YOUR OBJECTIVE>
Print the data exactly. Omit the pictures.

DATA BELOW>
+-------+

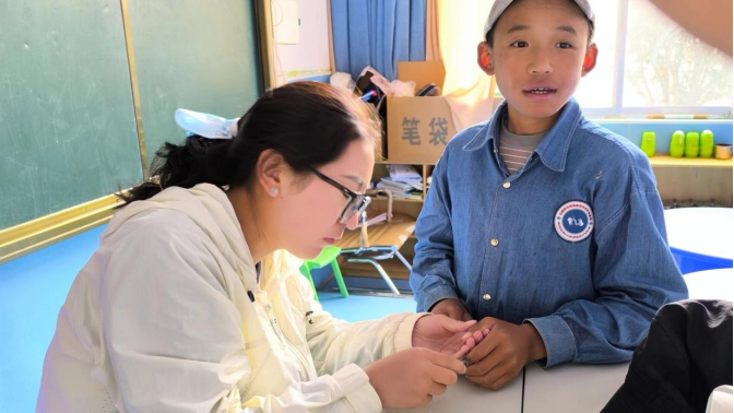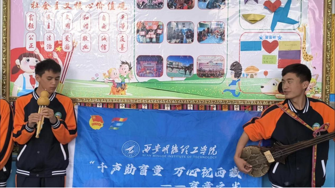 同时,志愿者们与孩子们开展互动音乐疗愈活动。音乐训练能够激活大脑的多个区域,有效促进认知功能的成长。对盲童而言,音乐更是一个强大的工具,帮助他们深化听觉感知,并激发其他感官的潜能,进而提升生活自理能力。孩子们也为志愿者们表演了藏族特有的多种乐器,自信大方的展示自己学习的成果。通过音乐交流,志愿者们也拓宽视野,感受到了民族特色并受到极大鼓舞,志愿者闫海瑞表示:我是一名绘画的艺术生,看到盲童们的表现觉得自己更加应该珍惜健康的身体和可贵的时间,多多学习,多多为社会贡献力量。
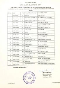 2019 ਲੋਕ ਸਭਾ ਚੋਣਾ ਲਈ ਕਾਂਗਰਸ ਨੇ ਆਪਣੇ ਉਮੀਦਵਾਰਾਂ ਦੀ ਦੂਜੀ ਸੂਚੀ ਜਾਰੀ ਕਰ ਦਿੱਤੀ ਹੈ। ਸੂਚੀ ਅਨੁਸਾਰ ਕਾਂਗਰਸ ਨੇ ਰਾਜ ਬੱਬਰ ਨੂੰ ਯੂਪੀ ਦੇ ਮੋਰਾਦਾਬਾਦ ਤੋਂ ਉਮੀਦਵਾਰ ਘੋਸ਼ਿਤ ਕੀਤਾ ਹੈ ਤੇ ਸਾਬਕਾ ਯੂਨੀਅਨ ਮੰਤਰੀ ਸੁਸ਼ੀਲ ਕੁਮਾਰ ਸ਼ਿੰਦੇ ਨੂੰ ਸੋਲਾਪੁਰ ਅਤੇ ਸ੍ਰੀਪ੍ਰਕਾਸ਼ ਜੈਸਵਾਲ ਨੂੰ ਕਾਨਪੁਰ ਤੋਂ ਉਮੀਦਵਾਰ ਘੋਸ਼ਿਤ ਕੀਤਾ ਹੈ।
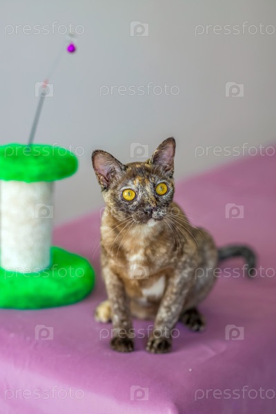 Домашняя кошка бирманской породы, игривая и активная, в многоквартирном доме города. Любит игрушки и бантики. Глаза счастливого питомца, играющего и желающего напасть
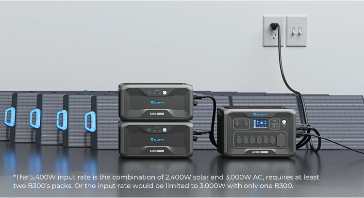 Solar +D050S Module connect with AC charging port | / | AC+SOLAR INPUT 700W | Solar + AC 5400W max (when connected with 2 B300) | |||||

+-------+

TASK RESULT>
 同时,志愿者们与孩子们开展互动音乐疗愈活动。音乐训练能够激活大脑的多个区域,有效促进认知功能的成长。对盲童而言,音乐更是一个强大的工具,帮助他们深化听觉感知,并激发其他感官的潜能,进而提升生活自理能力。孩子们也为志愿者们表演了藏族特有的多种乐器,自信大方的展示自己学习的成果。通过音乐交流,志愿者们也拓宽视野,感受到了民族特色并受到极大鼓舞,志愿者闫海瑞表示:我是一名绘画的艺术生,看到盲童们的表现觉得自己更加应该珍惜健康的身体和可贵的时间,多多学习,多多为社会贡献力量。
 2019 ਲੋਕ ਸਭਾ ਚੋਣਾ ਲਈ ਕਾਂਗਰਸ ਨੇ ਆਪਣੇ ਉਮੀਦਵਾਰਾਂ ਦੀ ਦੂਜੀ ਸੂਚੀ ਜਾਰੀ ਕਰ ਦਿੱਤੀ ਹੈ। ਸੂਚੀ ਅਨੁਸਾਰ ਕਾਂਗਰਸ ਨੇ ਰਾਜ ਬੱਬਰ ਨੂੰ ਯੂਪੀ ਦੇ ਮੋਰਾਦਾਬਾਦ ਤੋਂ ਉਮੀਦਵਾਰ ਘੋਸ਼ਿਤ ਕੀਤਾ ਹੈ ਤੇ ਸਾਬਕਾ ਯੂਨੀਅਨ ਮੰਤਰੀ ਸੁਸ਼ੀਲ ਕੁਮਾਰ ਸ਼ਿੰਦੇ ਨੂੰ ਸੋਲਾਪੁਰ ਅਤੇ ਸ੍ਰੀਪ੍ਰਕਾਸ਼ ਜੈਸਵਾਲ ਨੂੰ ਕਾਨਪੁਰ ਤੋਂ ਉਮੀਦਵਾਰ ਘੋਸ਼ਿਤ ਕੀਤਾ ਹੈ।
 Домашняя кошка бирманской породы, игривая и активная, в многоквартирном доме города. Любит игрушки и бантики. Глаза счастливого питомца, играющего и желающего напасть
 Solar +D050S Module connect with AC charging port | / | AC+SOLAR INPUT 700W | Solar + AC 5400W max (when connected with 2 B300) | |||||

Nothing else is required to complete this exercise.